Multi objective optimization
In most of previous studies, only adsorption step has been carried out
to investigate the effect of different parameters on the adsorbent
performance. Optimization of the TSA unit in terms of energy
requirements and performance of the process appears as a good deal for
VOC removal technologies. Accordingly, a model is required to describe
the effect of process variables on recovery of VOCs and operating costs.
After preliminary tests and in the fixed feed condition, duration of
heating step (A), duration of cooling step (B), regeneration flow rate
(C) and humidity of air (D) are considered as effective variables and
their practical range are identified in Table 3. In this study, the
Design-expert® software is utilized via the central composite design
(CCD) method through performing 30 tests with five levels for each
variable. Table 3 shows corresponding results for VOCs recoveries and
operating costs per each cycle. The RSM proposed a 2FI correlation to
relate diethyl ether recovery, ethanol recovery and operating costs to
the independent variables. The results of analysis of variance showed
that the P values for all three objectives are lower than 0.05
indicating that the model terms are significant and have significant
effects because of the large F value. The large F-value showed that the
model is significant while only 0.01 % chance that a ”Model F-Value”
with this large F value could occur due to noise. Values of
”Prob>F” less than 0.05 indicate that the model terms are
significant.
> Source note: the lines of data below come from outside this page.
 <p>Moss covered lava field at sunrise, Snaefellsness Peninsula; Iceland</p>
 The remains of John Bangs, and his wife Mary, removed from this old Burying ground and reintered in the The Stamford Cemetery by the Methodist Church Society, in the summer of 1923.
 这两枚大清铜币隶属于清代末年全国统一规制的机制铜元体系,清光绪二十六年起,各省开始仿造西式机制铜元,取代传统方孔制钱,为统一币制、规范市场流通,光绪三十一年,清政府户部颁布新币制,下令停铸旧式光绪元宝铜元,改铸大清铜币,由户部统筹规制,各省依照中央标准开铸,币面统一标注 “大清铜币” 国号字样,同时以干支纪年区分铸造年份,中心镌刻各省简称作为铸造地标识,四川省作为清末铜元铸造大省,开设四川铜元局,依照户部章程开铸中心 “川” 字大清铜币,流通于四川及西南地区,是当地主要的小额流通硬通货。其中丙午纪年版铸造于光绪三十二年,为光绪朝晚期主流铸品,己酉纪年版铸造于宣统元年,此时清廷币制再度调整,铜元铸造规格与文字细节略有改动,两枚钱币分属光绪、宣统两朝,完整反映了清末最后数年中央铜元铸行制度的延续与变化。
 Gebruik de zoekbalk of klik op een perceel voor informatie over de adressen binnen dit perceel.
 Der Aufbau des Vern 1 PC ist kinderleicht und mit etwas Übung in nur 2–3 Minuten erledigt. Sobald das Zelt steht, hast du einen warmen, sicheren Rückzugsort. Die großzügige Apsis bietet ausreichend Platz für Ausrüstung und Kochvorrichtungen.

The results of the diethyl ether and ethanol recoveries
showed thatincrease in the variable B leads to increase in diethyl ether
recovery while increase in the variables A, C and D results in decrease
in diethyl ether and ethanol recoveries. Increase in parameters C, A and
B directly increase operating costs and increase in parameter D leads to
lower operating cost.The model accuracy for all objectives has been
higher that 99.98 % (R2) indicating a good fitting of
the correlation with the data. ”Adeq Precision” measures the signal to
noise ratio. A ratio greater than 4 is desirable. In this study, the
“Adeq Precision” ratio higher than 103 is obtainedwhich indicates an
adequate ratio. Also the “Adj R-Squared” is highe than 99.69 % which
is close to “R-Squared” indicating a good accuracy of model. This
model can be used to navigate the design space. Equations 26-28 show the
empirical correlation for each objectives obtained by the RSM.
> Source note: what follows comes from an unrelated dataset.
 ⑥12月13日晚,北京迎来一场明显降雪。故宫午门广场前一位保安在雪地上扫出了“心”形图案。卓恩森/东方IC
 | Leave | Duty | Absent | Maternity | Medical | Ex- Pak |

Diethyl ether cyclic recovery
(%) =+84.88123+0.076377×A+0.24750×B+0.012657×C-685.03606×D-3.09525E-003×A×B-6.63543E-004×A×C+7.02308×A×D+1.54004E-004×B×C+7.04970×B×D+0.68891×C×D
Eq. (26)
Ethanol cyclic recovery (%)= +63.86180+0.059023× A +0.16952×B
+0.011428×C-299.78004×D-2.82108E-003×A×B-6.03091E-004×A×C+3.07032×A×D+4.22973E-004×B×C+3.09206×B×D+0.30129×C×D
Eq. (27)
Operating costs
($)= -7.23003E-004+0.000000×A+4.81994E-005×B+0.029585×C+0.24099×D+0.000000×A×B+3.90000E-003×A×C+1.74583E-012×A×D+2.95818E-003×B×C-0.016066×B×D-8.92557E-004×C×D
Eq. (28)
The predicted versus actual data for all three objectives confirmed that
the predicted values of the model were in a good agreement with the
given data.Figure 8 shows three- dimensional plot for interaction of
variables on the objectives. The plot given in Figure 8 is easy-reading
and straightforward in which a linear surface is seen between the
independent parameters on the responses.